In-situ hydrogenation of an underground coal formation is carried out by fracturing the formation and sealing it, to provide an in-situ reactor site. Then a liquid solvent stream and a gaseous hydrogen stream are introduced into the fractured formation, allowing reaction and conversion of the coal to lighter, hydrogenated components.

Description

BACKGROUND OF THE INVENTION
This invention concerns the recovery and upgrading of carbonaceous material by in-situ hydrogenation. In one embodiment, the invention concerns the in-situ hydrogenation of an underground coal deposit, thus converting the coal into gaseous and liquid products that can be removed easily from the underground location and further processed above ground.

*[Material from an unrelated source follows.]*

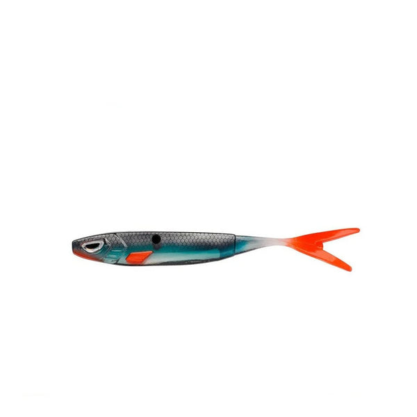 Der markante Körper in Kombination mit dem V-Tail erzeugt eine kräftige, flankende Aktion, die auch in tieferem oder trübem Wasser zuverlässig Reize setzt. Selbst bei langsamer Führung beginnt der Köder schon zu „leben“ – ideal beim Faulenzen oder Schleppen.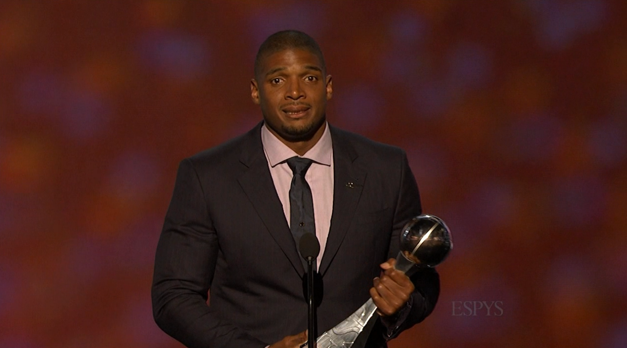 Michael Sam was given the Arthur Ashe Courage Award at the 2014 ESPYs on Wednesday night. His acceptance speech was incredibly powerful. Enjoy!

Under present technology, the economics for recovery and upgrading of gaseous and liquid hydrocarbons from underground deposits of lignite, coal, oil shale, tar sands, and heavy crudes are unattractive. Broadly, the current technology employed for producing saleable products from underground deposits of the above-mentioned carbonaceous materials involves at leat two of the following operations: (1) mining, (2) crushing and/or grinding, (3) washing or extraction, followed by flotation and phase separation, (4) retorting, and (5) upgrading or refining. Further, the current technology for recovery of heavy crudes is not commercially viable. While the examples set forth in the solution will be illustrated for coal or lignite, operations for other carbonaceous deposits such as tar sands, heavy crudes, and oil shale are applicable.
The prior art teaches some of the aspects of the present invention. For example, U.S. Pat. Nos. 3,084,919 (Slater); 3,208,514 (Dew and Martin); and 3,327,782 (Hujsak) teach methods of recovering hydrocarbons by the use of hydrogen. Typically, these processes involve the use of in-situ combustion in a formation, to heat the formation and to reduce the viscosity of the hydrocarbon values in the unburned portions, followed by the introduction of a hydrogen stream, for hydrogenation of these hydrocarbon values. The hydrotreated products are then recovered and processed.
U.S. Pat. No. 3,598,182 (Justheim) introduces hot hydrogen into an underground formation, to heat the formation, to promote cracks and fissures in the formation, to reduce the viscosity of any available hydrocarbon values, and to hydrocrack at least a portion of these values. Products are then recovered and processed.
A majority of the above processes involve combustion of at least a portion of the formation. And Justheim uses an extensive temperature regulating system.
SUMMARY OF THE INVENTION
I believe I have overcome the disadvantages and drawbacks of the prior art by my process, which consists of the steps broadly discussed below.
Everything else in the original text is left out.